Perhaps the most clinically significant immune finding in ME/CFS is neuroinflammation — inflammation within the central nervous system. A 2014 Japanese PET scan study by Nakatomi et al. found significantly elevated neuroinflammation markers in ME/CFS patients compared to controls, particularly in the cingulate cortex, hippocampus, amygdala, thalamus, midbrain, and pons — regions involved in cognition, pain processing, and autonomic regulation.

This neuroinflammation finding helps explain the cognitive symptoms, pain amplification, and autonomic dysfunction of ME/CFS, and points toward anti-neuroinflammatory treatments (such as low-dose naltrexone) as potentially beneficial.

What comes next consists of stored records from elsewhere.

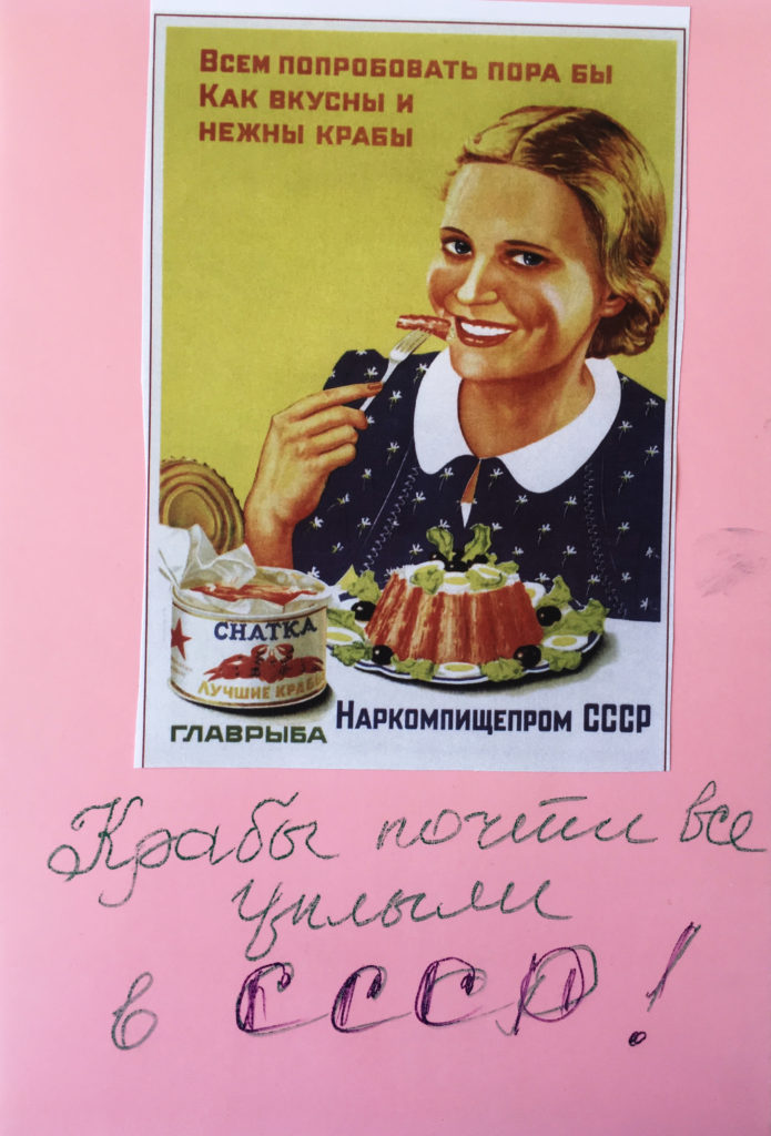 Самые последние “ответы” посвящены выставке Павла Пепперштейна в музее “Гараж”, где мы проводили экскурсии. В “Нашем ответе Пепперштейну” мы использовали образы из его творчества и отвечали на вопрос, что же будет с Россией через сто лет. Одним из пророчеств было высказывание, что через сто лет Ленина похоронят по-христиански. Оно было навеяно инсталляцией Пепперштейна с мавзолеем Ленина, лежащего рядом с обнаженной девушкой. Я думала, что бабушки удивятся мавзолею, но они очень спокойно отреагировали. Сказали, что “наконец-то у Ленина есть компания, что он не один лежит”. И добавили: “Ну, когда у Паши закончатся идеи, пусть он к нам в интернат приезжает, и к нему сразу много новых идей в голову придет, мы ему концерт организуем или что-нибудь еще”».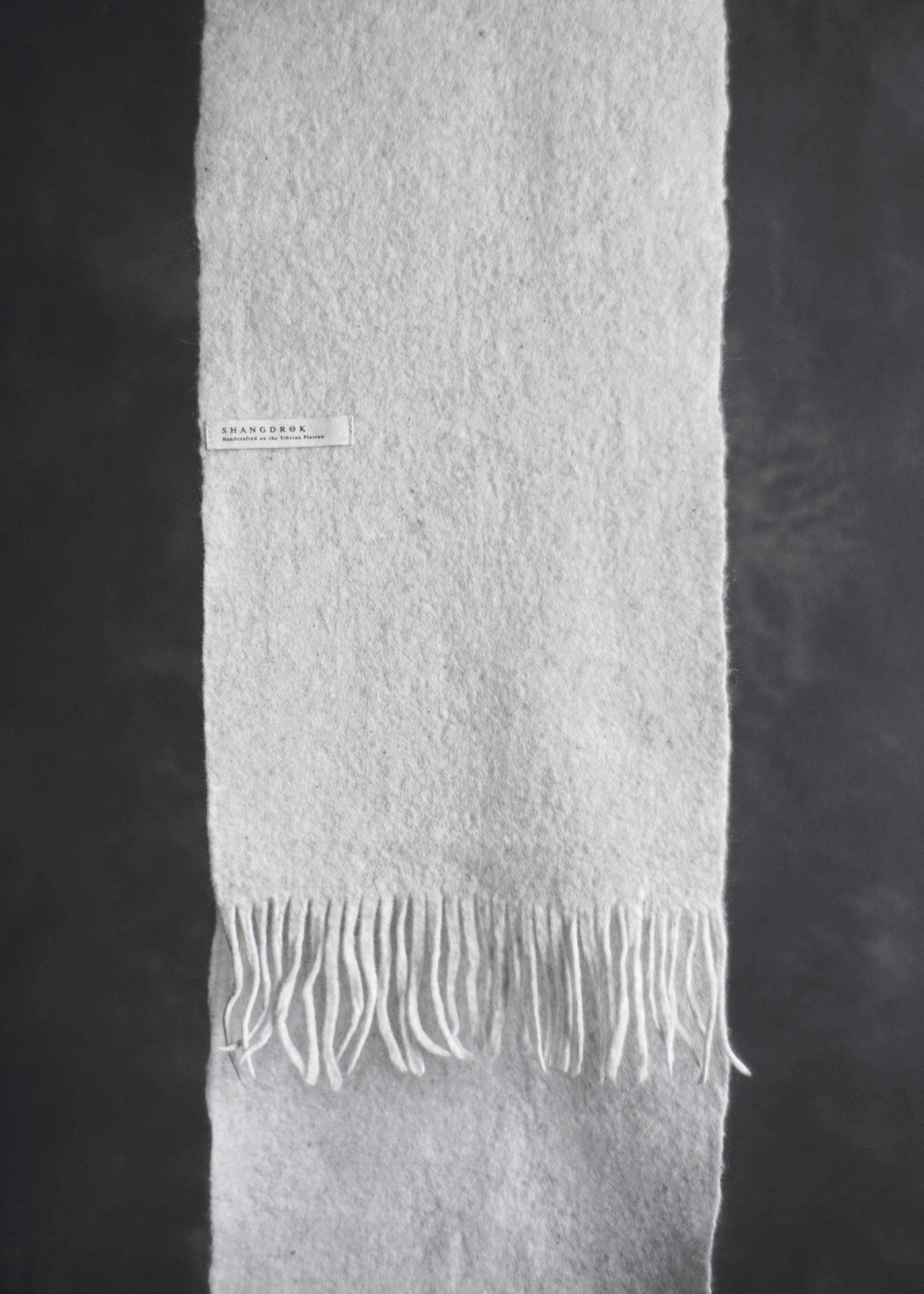 藏族的阿姨們製作這個圍巾時,總是一站就是七個小時,小心的將犛牛絨鋪的整齊均勻,手工搓揉而成,製作好的圍巾,散發著天然原色的光澤。完成晾乾後,她們站在陽光下,沈默著緊張的檢查著是否有不均或是破洞之處,如果發現沒有,會鬆了口氣的綻放著大大的微笑說:「好看得很!」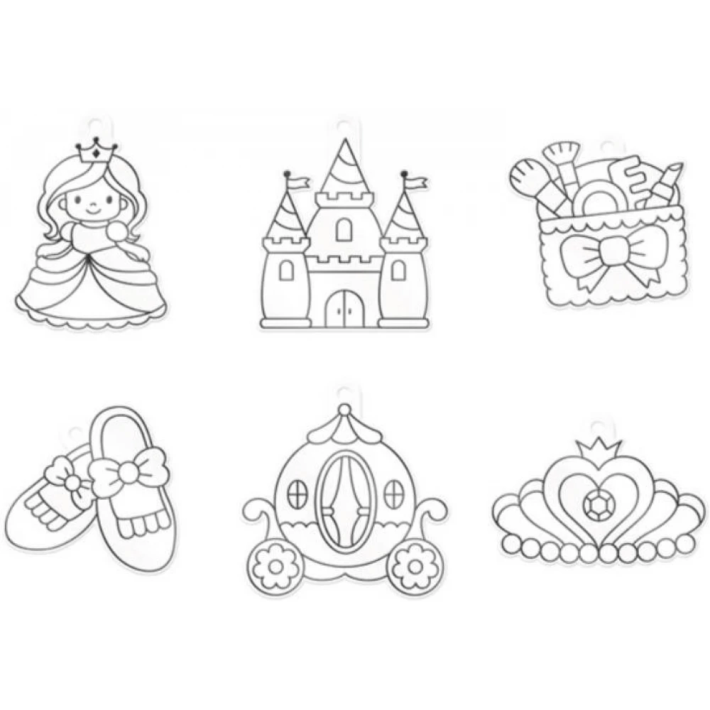 Hercegnős témájú üvegfestőkészlet. A készlet 6 darab 10,5 ml-es üvegfólia festéket és 6 darab mintát tartalmaz.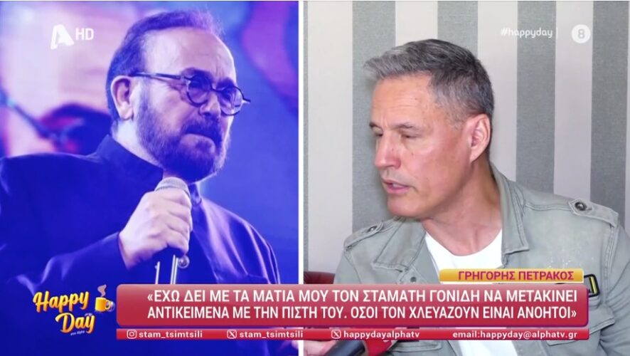 Ο Γρηγόρης Πετράκος έκανε μια άκρως ενδιαφέρουσα και… πολυσυζητημένη εμφάνιση στην εκπομπή «Happy Day» σήμερα, μιλώντας για πολλά, από τη μουσική του μέχρι τις απόψεις του για τις νέες ταυτότητες και την κλιματική αλλαγή. Ωστόσο, αυτό που τράβηξε τα βλέμματα ήταν η αναφορά του στον Σταμάτη Γονίδη και στις «μεταφυσικές του ικανότητες».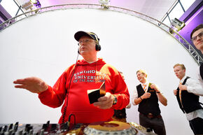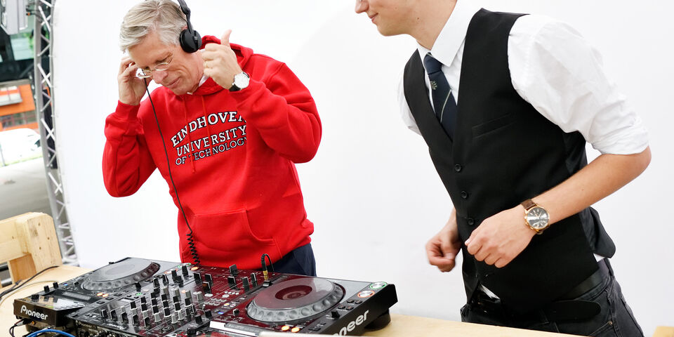 Daar kwam onder meer Studium Generale-directeur Lucas Asselbergs in actie - hij bespeelde live de synthesizer met zelf gecomponeerde muziek. Ook collegevoorzitter Jan Mengelers kroop achter de draaitafel, hij schotelde zijn publiek voornamelijk rock voor -denk AC/DC en Bruce Springsteen. Iedere gast-dj werd bijgestaan door Discom ’86. De laatste nummers in de Markthal werden gedraaid door dj Mikey Biemans.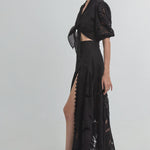 Crafted in cotton, the Alya Maxi Skirt features a unique leg split design adorned with exquisite Balinese cut-out hand embroidery throughout. Elevate your style effortlessly blending traditional artistry with modern fashion.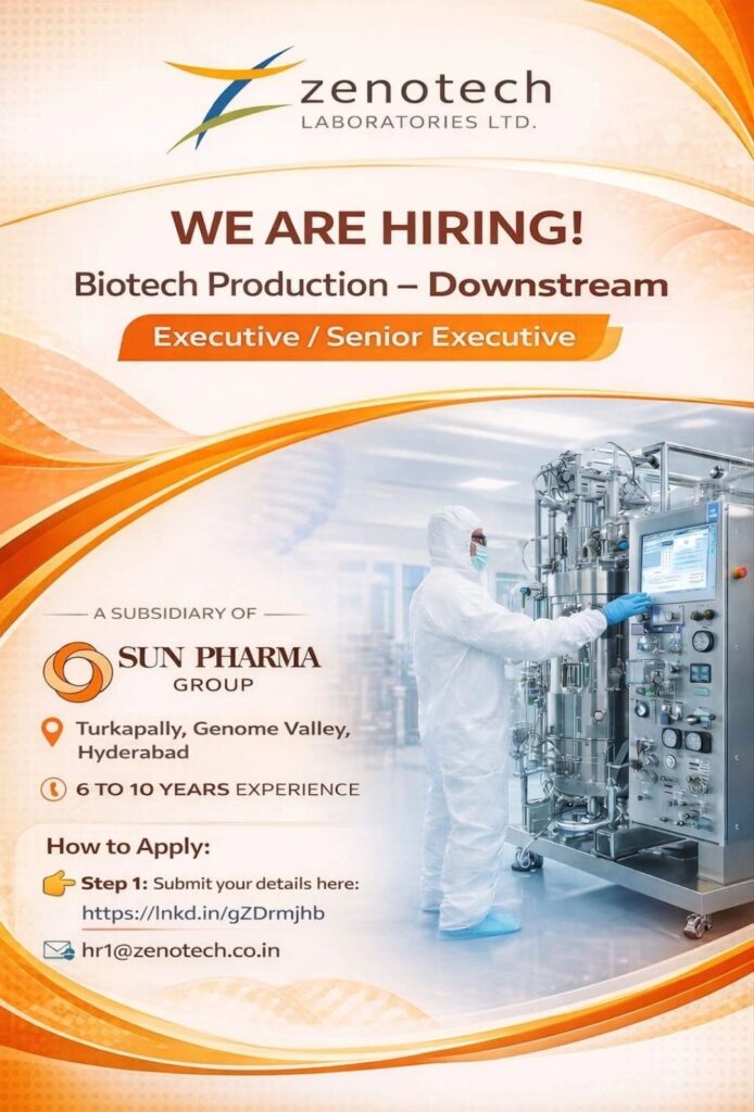 Biotech Downstream Senior Executive Job in Hyderabad | Genome Valley | Sun Pharma Group

What This Means for Treatment

The immune abnormalities in ME/CFS are not yet consistently targetable with approved treatments, but several approaches are being explored:

• Low-dose naltrexone: Reduces microglial activation and neuroinflammation
• IVIG: For patients with autoantibodies or evidence of immune deficiency
• Rituximab: A B cell-depleting antibody that was tested in ME/CFS (results were mixed in the large Norwegian trial, but subgroup analyses suggested benefit in some patients)
• Immunoadsorption: Removes autoantibodies; promising early results
• Antivirals: For patients with evidence of herpesvirus reactivation

The immune complexity of ME/CFS means that treatment is unlikely to be one-size-fits-all. Immune profiling — identifying which specific abnormalities are present in a given patient — is likely to be essential for precision treatment selection.